Bubbles Bad; Ripples Good

… Data aequatione quotcunque fluentes quantitates involvente fluxiones invenire et vice versa …

Category: general mathematics

An optimization problem: variation

Examining the theorem proven in the previous post, we are led naturally to ask whether there are higher order generalizations.

Question: Let f \in C^{k}([-1,1]) with f^{(k)} > 0. What can we say about the minimizer of C = \int_{-1}^1 |f(x) - p(x)|~\mathrm{d}x where p ranges over degree k-1 polynomials?

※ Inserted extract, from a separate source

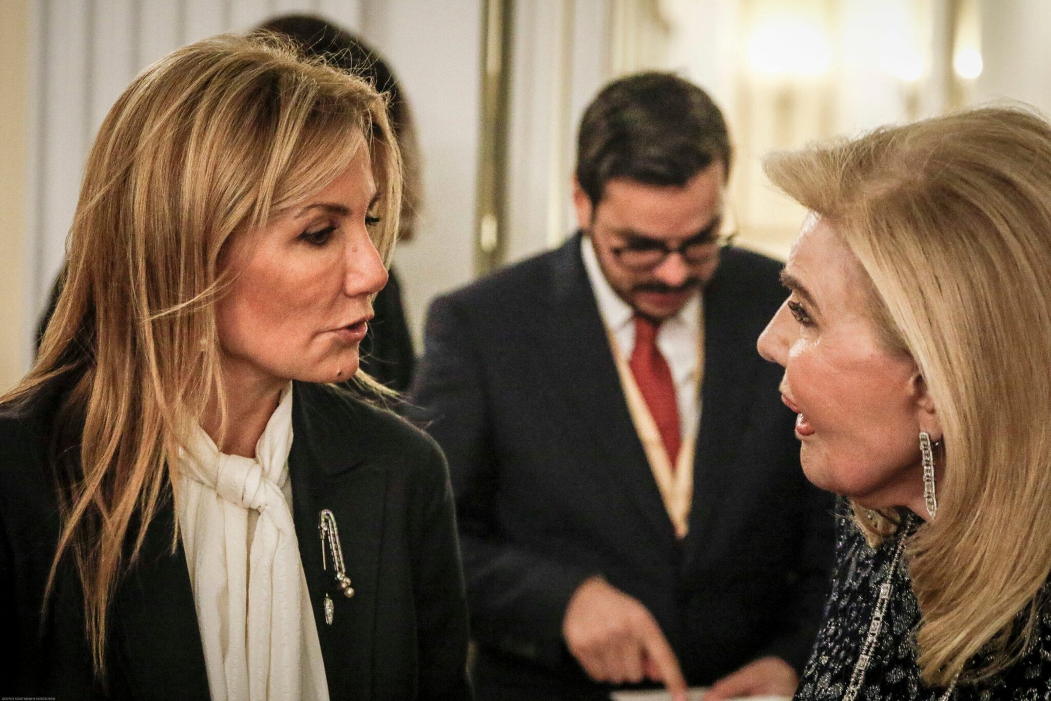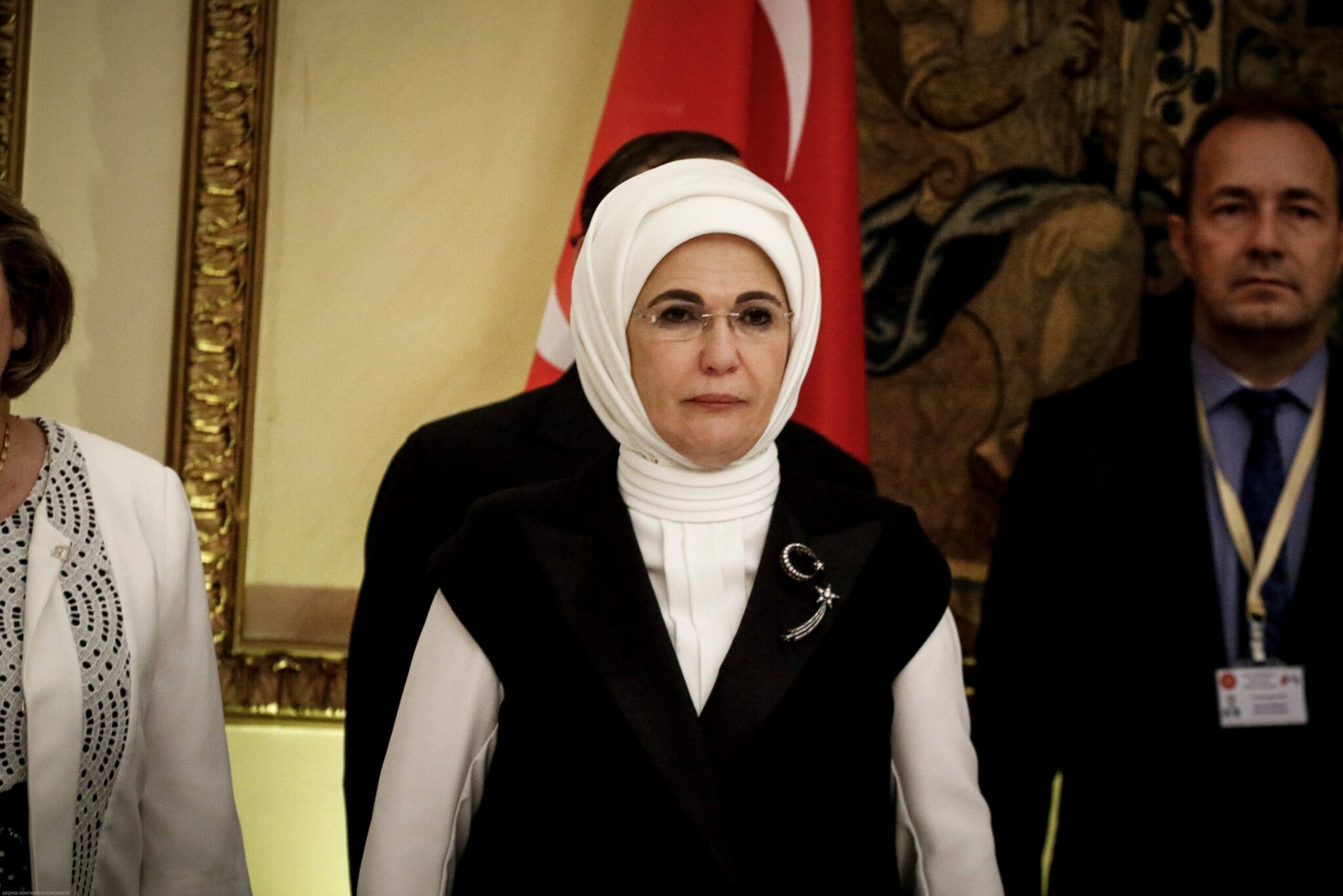 Μέχρι πριν από λίγες ώρες ήταν άγνωστο εάν θα συνοδεύσει τον σύζυγό της η Εμινέ Ερντογάν στο δείπνο, αφού μέσα στην ημέρα, λόγω αδιαθεσίας, ακύρωσε όλο το πρόγραμμά της. Πάντως, είχε την ευκαιρία να συναντήσει τη σύζυγο του πρωθυπουργού, Μπέττυ Μπαζιάνα, στο ξενοδοχείο που διαμένει.

It is pretty easy to see that we expect p to intersect f at the maximum number of points, which is k. We label those points x_1, \ldots, x_k and call x_0 = -1 and x_{k+1}= 1. Then the cost function can be written as
\displaystyle C = \sum_{j = 0}^k (-1)^j \int_{x_j}^{x_{j+1}} f(x) - p(x; x_1, \ldots, x_k) ~\mathrm{d}x
Since we know that values of p at the points x_1, \ldots, x_k we can write down the interpolation polynomial explicitly using Sylvester’s formula:
\displaystyle p = \sum_{j = 1}^k \left( \prod_{1 \leq m \leq k, m\neq j} \frac{x - x_m}{x_j - x_m} \right) f(x_j) = \sum L_j(x; x_1, \ldots, x_k) f(x_j)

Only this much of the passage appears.